▸ Task requirements: Wherever pictures occur in the entries below, leave them out and retype the rest exactly.

▸ Exercise inputs:

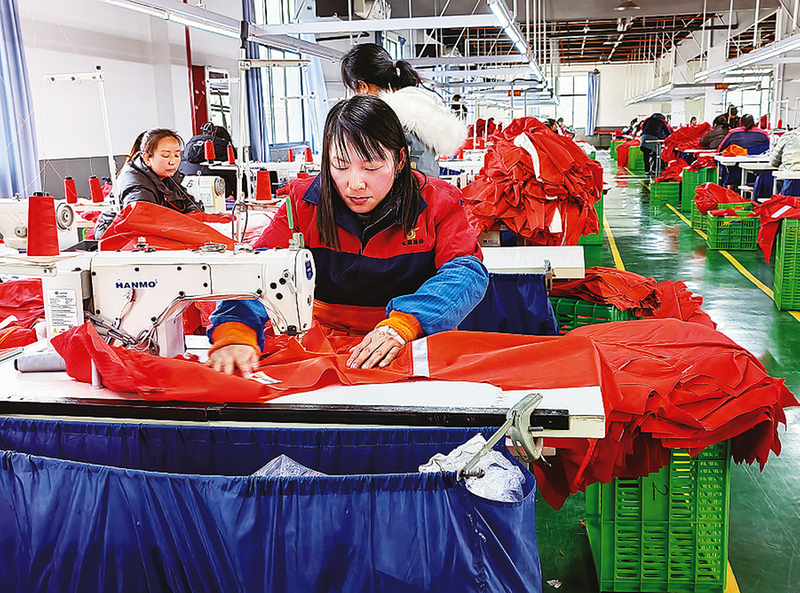 春节过后,洛南县相关单位工作人员积极深入县内工矿企业、社区工厂和就业帮扶基地督查了解复工复产情况,宣传恵企利民政策,协助解决企业生产、用工方面的问题,促进企业顺利复工复产。图为2月18日洛南县金翼服装有限公司生产车间内群众正在加工服装。 (本报通讯员 刘卫锋 摄)
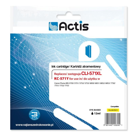 ACTIS (Canon CLI-571Y) Tintapatron Sárga (KC-571Y) nyomtatópatron & toner 1 kép
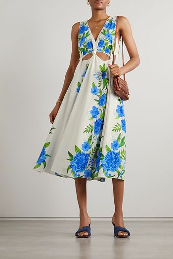 Belted ruffled printed crepe midi dress
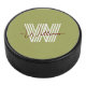 Initial and script monogrammed birthday olive hockey puck
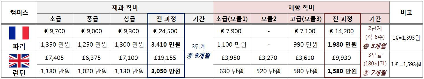 • 입학 시기는 파리 1월, 4월, 7월, 10월이며 런던

▸ Written response:
 春节过后,洛南县相关单位工作人员积极深入县内工矿企业、社区工厂和就业帮扶基地督查了解复工复产情况,宣传恵企利民政策,协助解决企业生产、用工方面的问题,促进企业顺利复工复产。图为2月18日洛南县金翼服装有限公司生产车间内群众正在加工服装。 (本报通讯员 刘卫锋 摄)
 ACTIS (Canon CLI-571Y) Tintapatron Sárga (KC-571Y) nyomtatópatron & toner 1 kép
 Belted ruffled printed crepe midi dress
 Initial and script monogrammed birthday olive hockey puck
 • 입학 시기는 파리 1월, 4월, 7월, 10월이며 런던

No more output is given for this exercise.